**Assignment**
Once you find the line containing "Переходим к формированию", output it and every line after it to the end of the records, exactly.

◇ ◇ ◇

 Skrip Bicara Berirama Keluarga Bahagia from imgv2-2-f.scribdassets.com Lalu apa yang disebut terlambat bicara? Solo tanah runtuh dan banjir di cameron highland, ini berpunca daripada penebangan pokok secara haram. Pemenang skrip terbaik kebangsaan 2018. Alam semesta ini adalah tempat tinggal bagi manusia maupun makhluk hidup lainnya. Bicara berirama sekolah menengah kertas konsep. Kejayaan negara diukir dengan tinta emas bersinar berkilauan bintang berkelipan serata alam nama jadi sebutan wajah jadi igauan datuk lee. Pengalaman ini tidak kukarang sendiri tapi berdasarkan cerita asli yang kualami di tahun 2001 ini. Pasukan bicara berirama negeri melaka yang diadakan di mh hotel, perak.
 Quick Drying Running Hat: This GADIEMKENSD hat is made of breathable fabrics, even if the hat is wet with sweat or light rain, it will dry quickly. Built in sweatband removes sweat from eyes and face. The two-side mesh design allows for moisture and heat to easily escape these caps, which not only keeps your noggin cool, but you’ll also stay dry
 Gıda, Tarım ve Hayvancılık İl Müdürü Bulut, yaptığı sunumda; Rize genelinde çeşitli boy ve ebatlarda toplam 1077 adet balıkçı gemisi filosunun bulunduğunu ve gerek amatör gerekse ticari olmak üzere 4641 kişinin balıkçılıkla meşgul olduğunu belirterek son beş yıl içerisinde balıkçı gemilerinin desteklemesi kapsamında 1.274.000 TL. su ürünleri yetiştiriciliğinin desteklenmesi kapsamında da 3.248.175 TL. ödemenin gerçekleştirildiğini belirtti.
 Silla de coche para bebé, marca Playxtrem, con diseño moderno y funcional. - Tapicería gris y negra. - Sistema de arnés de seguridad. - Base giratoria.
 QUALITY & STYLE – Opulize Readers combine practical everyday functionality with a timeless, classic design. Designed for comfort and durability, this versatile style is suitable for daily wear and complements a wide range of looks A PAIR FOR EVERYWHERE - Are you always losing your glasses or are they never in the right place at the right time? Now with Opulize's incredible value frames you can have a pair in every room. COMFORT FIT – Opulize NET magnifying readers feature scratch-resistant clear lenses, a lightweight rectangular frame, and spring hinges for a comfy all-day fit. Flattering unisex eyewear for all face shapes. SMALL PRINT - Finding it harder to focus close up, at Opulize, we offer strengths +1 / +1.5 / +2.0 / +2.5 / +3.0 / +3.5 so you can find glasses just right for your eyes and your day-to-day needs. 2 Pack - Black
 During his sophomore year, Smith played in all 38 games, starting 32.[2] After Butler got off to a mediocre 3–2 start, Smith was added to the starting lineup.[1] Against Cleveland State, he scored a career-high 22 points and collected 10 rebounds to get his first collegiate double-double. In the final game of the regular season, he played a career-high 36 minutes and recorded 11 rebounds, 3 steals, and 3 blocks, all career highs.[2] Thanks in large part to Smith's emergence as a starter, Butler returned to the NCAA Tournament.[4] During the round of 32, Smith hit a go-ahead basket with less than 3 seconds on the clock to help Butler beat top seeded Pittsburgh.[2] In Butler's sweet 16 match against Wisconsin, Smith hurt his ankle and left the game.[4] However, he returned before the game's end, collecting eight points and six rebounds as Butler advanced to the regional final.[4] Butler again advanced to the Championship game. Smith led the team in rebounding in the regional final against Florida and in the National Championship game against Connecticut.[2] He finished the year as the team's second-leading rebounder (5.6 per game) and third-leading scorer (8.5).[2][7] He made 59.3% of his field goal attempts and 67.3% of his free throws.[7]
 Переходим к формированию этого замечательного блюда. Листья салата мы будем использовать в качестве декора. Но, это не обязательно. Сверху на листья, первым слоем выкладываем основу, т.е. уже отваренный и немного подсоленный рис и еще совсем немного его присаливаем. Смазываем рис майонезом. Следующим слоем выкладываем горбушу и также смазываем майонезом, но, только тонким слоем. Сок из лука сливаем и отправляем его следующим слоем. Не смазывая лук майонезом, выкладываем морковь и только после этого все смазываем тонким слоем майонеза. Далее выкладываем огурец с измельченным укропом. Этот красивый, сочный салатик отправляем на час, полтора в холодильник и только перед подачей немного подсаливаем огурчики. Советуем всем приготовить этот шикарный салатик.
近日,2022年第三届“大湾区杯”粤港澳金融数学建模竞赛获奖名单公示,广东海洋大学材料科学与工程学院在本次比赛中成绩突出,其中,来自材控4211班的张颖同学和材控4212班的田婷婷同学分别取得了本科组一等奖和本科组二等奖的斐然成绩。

◇ ◇ ◇

**Solution for this exercise**
 Переходим к формированию этого замечательного блюда. Листья салата мы будем использовать в качестве декора. Но, это не обязательно. Сверху на листья, первым слоем выкладываем основу, т.е. уже отваренный и немного подсоленный рис и еще совсем немного его присаливаем. Смазываем рис майонезом. Следующим слоем выкладываем горбушу и также смазываем майонезом, но, только тонким слоем. Сок из лука сливаем и отправляем его следующим слоем. Не смазывая лук майонезом, выкладываем морковь и только после этого все смазываем тонким слоем майонеза. Далее выкладываем огурец с измельченным укропом. Этот красивый, сочный салатик отправляем на час, полтора в холодильник и только перед подачей немного подсаливаем огурчики. Советуем всем приготовить этот шикарный салатик.
近日,2022年第三届“大湾区杯”粤港澳金融数学建模竞赛获奖名单公示,广东海洋大学材料科学与工程学院在本次比赛中成绩突出,其中,来自材控4211班的张颖同学和材控4212班的田婷婷同学分别取得了本科组一等奖和本科组二等奖的斐然成绩。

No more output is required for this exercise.